DopaDoser: The Self-Regulating, L-DOPA-Producing Gut Bacteria

Fig 1 Administration of L-DOPA via bacteria in the patient's gut

iGEM Manchester-Graz’s objective as a team is to find a better way to treat and alleviate the symptoms of Parkinson’s disease (PD) through the use of synthetic biology to create a new auto-regulated expression system called DopaDoser. Degradation of dopaminergic neurons and therefore low levels of dopamine is the main cause of Parkinson’s disease (PD), for which the current treatment involves oral doses of L-DOPA (or levodopa), which unlike dopamine itself is able to cross the blood-brain-barrier. Within the brain L-DOPA is enzymatically converted into dopamine and therefore able to relieve many of the motor symptoms of PD.

Patients who cannot take the traditional treatments due to several conditions (intolerance or too high tolerance to oral L-DOPA) are treated alternatively with a so called Duodopa ® therapy. Duodopa is a special way for administration of L-DOPA (Levodopa ®) directly into the human jejunum through a PEG-PEJ tube. This approach allows for a continuous and stable dosage of L-DOPA over the whole day. However some major problems of this approach are high costs (around 700 $ per week plus costs for placement of the tube and aftercare) and wear out of the tube every 2 years. Also the system needs to be rinsed on a daily basis and during the night medication has to be taken oral anyways. The annual costs per patient are around 100.000 $.

Fig 2 dopamine and L-DOPA biosynthesis pathways

Our aim is to take the first steps in the development of a novel technology of drug delivery by developing self-regulating drug-producing bacterial strains that, in the future, could be incorporated into patients’ gut microflora to secrete medicines directly inside the body. To control the bacterial L-DOPA production, we plan to develop a multidimensional cell density dependent auto-regulation system that could also be used to control other multistep enzyme pathways.

The Manchester section of the team is working on L-DOPA and dopamine biosynthesis in E. coli BL21 and Nissle 1917 via various enzyme pathways. The focus is on three enzyme pathways, the main one being the conversion of L-tyrosine to L-DOPA via tyrosine hydroxylase and tyrosinase. In addition we are also synthesising dopamine in two different ways using aromatic amino acid decarboxylase, cytochrome P450 and transaminase. Although the primary goal would be to implement the L-DOPA synthesis within patients, we also aim to create a greener, more efficient way of the industrial synthesis of each of the above products using our modified bacteria. (Fig.2)

The Graz section is using two quorum sensing based mechanisms for an auto-regulated and time shifted consecutive protein expression, first demonstrated using fluorescent protein synthesis (Fig.3). The fluorescent protein could then be exchanged with genes for the L- DOPA production such that at low cell density levels tyrosine synthesis will be channeled. After a certain biomass is reached L-DOPA production will be produced in a uniformly continuous manner. Alongside the use of fluorescent proteins for the characterization of our regulatory system, we also try to further characterize and improve already existing reporter genes of the biobrick registry. BBa_K1670003 is an improved variant of BBa_K1362461, where two silent mutations were introduced to delete two HindIII sites and a new ribosome binding site as well as a new promoter were added. BBa_K1670001 is an improved version of BBa_E0020, where also a new ribosome binding site and an EsaR/I regulated promoter was added.

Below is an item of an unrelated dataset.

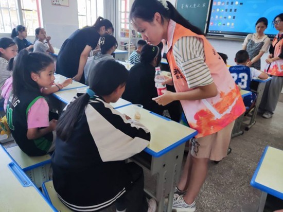 川农向阳花·渔樵耕读团队成员为小朋友发放太阳花种子。本组图片由四川农业大学团委提供

Fig 3 Fluorescent protein synthesis dependent on different levels of cell density

Looking to the future our system could be further utilized to activate suicide genes in E.coli to avoid possible overgrowth of the native intestinal flora, which we aim to show proof of concept in both strains common to academic research as well as probiotics, specifically BL21 and Nissle 1917 respectively. Even though we cannot regulate the proliferation of our engineered strain yet, it allows us to provide an outlook of a possible application as a self-regulating drug dispensing system in the GI tract, which may have clinical applications in the future.

Throughout the course of the DopaDoser project we also aim to shape our actions in accordance to the opinions of academics, charities, industry leaders and the public. This includes what implications DopaDoser will have for patients both economically and in terms of quality of life and whether the real world implementation of this technology is feasible. We will also compare ethical opinions throughout outreach about our project and synthetic biology in general across the two countries our team spans and assess this in a wider sociological context. We feel as a team that the issues and human practices surrounding our project are just as important as the project itself and as such we endeavour to tackle a wide selection of concerns.